Politisi Partai Gerindra ini menegaskan, pastinya akan ada beberapa rekomendasi dari DPRD untuk pemerintah daerah. Salah satunya adalah yang paling krusial yaitu bagaimana pendistribusian bantuan-bantuan sosial.
“Kami khawatir ada data-data yang kurang failid. Jadinya nanti penerima manfaat ini, masyarakat yang betul-betul membutuhkan. Ini perlu ada kehati-hatian agar pendistribusian bantuan tepat sasaran. Dan saya rasa, pemerintah daerah pun juga konsen terhadap itu. Sebab, dengan adanya Covid-19, banyak masyarakat secara ekonomi mengalami penurunan, sehingga perlu diberikan bantuan sosial tersebut,” ungkapnya.
Selain itu, Yudha menilai selama PPKM masyarakat sudah memahami bahwa Covid-19 ini harus dilawan bersama-sama. “Masyarakat juga sudah aware (menyadari), sudah tahu covid perlu dilawan bersama-sama, tidak hanya unsur pemerintah, TNI dan Polri saja. Tetapi masyarakat pun sekarang sudah mengikuti,” jelasnya.
Ia juga mengucapkan terima kasih kepada masyarakat karena selama PPKM telah mengikuti aturan-atruan dari pemerintah. “Saya juga atas nama DPRD Kabupaten Sukabumi memohon maaf apabila kami tidak melakukan kinerja kami secara maksimal. Tetapi kami berharap, PPKM ini tidak ada lagi perpanjangan dan juga kami berharap covid terus menurun dan segera hilang dari Indonesia khususnya Sukabumi,” pungkasnya.
Selain itu, hasil monitoring yang dilakukan selama perpanjangan PPKM Level 3 di wilayah Kabupaten Sukabumi, Yudha menyoroti soal prioritas vaksinasi untuk tenaga kerja atau buruh.
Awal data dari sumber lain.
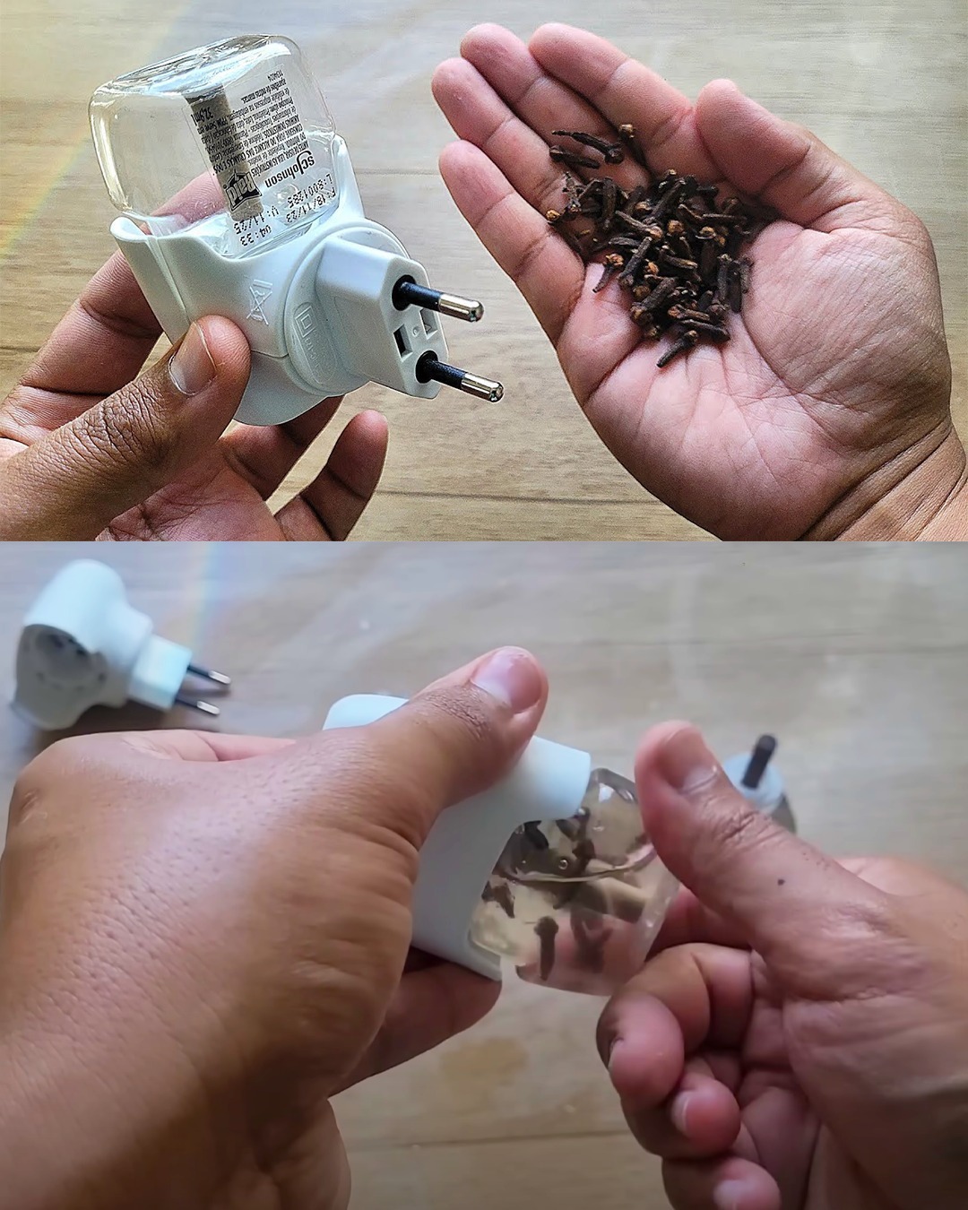 Diese Methode nutzt die natürlichen Eigenschaften von Nelken , kombiniert mit Alkohol und ätherischen Ölen, um ein Abwehrmittel herzustellen, das in elektrischen Diffusoren (wie den leeren Flaschen, die normalerweise weggeworfen werden) wirkt. Anstatt diese Flaschen wegzuwerfen, können Sie sie mit einem wirksamen natürlichen Gebräu füllen, das nicht nur Insekten abwehrt, sondern Ihrem Zuhause auch einen frischen und angenehmen Duft verleiht.
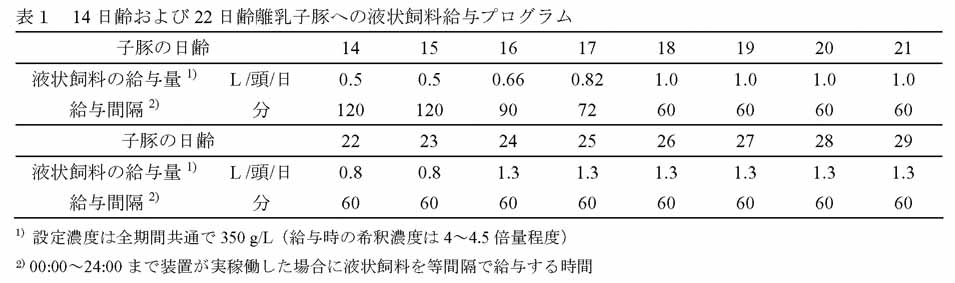 - 14日齢で離乳した子豚では、液状飼料の希釈濃度を6倍量程度とするより4倍量程度として給与液量を低減する方が、液状飼料給与開始時からの残食が少なく採食行動が活発となる。また液状飼料の摂取量が14日齢から19日齢まで直線的に増加した場合(最大摂取量1.0kg/頭/日)、14〜21日齢での日増体量は313±102g/日となる。この結果をもとに作成した、希釈濃度を4倍量程度とした14日齢離乳子豚への給与プログラムは表1である。

Pemerintah daerah perlu memprioritaskan vaksinasi Covid-19 untuk para buruh di Kabupaten Sukabumi. Sebab, intensitas kerja buruh cukup besar dan banyaknya industri di Sukabumi.
“Hasil monitoring ke sejumlah wilayah termasuk ke tempat-tempat industri, serta kepada serikat buruh, mereka menyampaikan ingin ada sebuah prioritas vaksinasi untuk para tenaga kerja. Karena tenaga kerja merupakan kelompok yang memang perlu diberikan vaksinasi dengan intensitas kerjanya yang tinggi,” pintanya.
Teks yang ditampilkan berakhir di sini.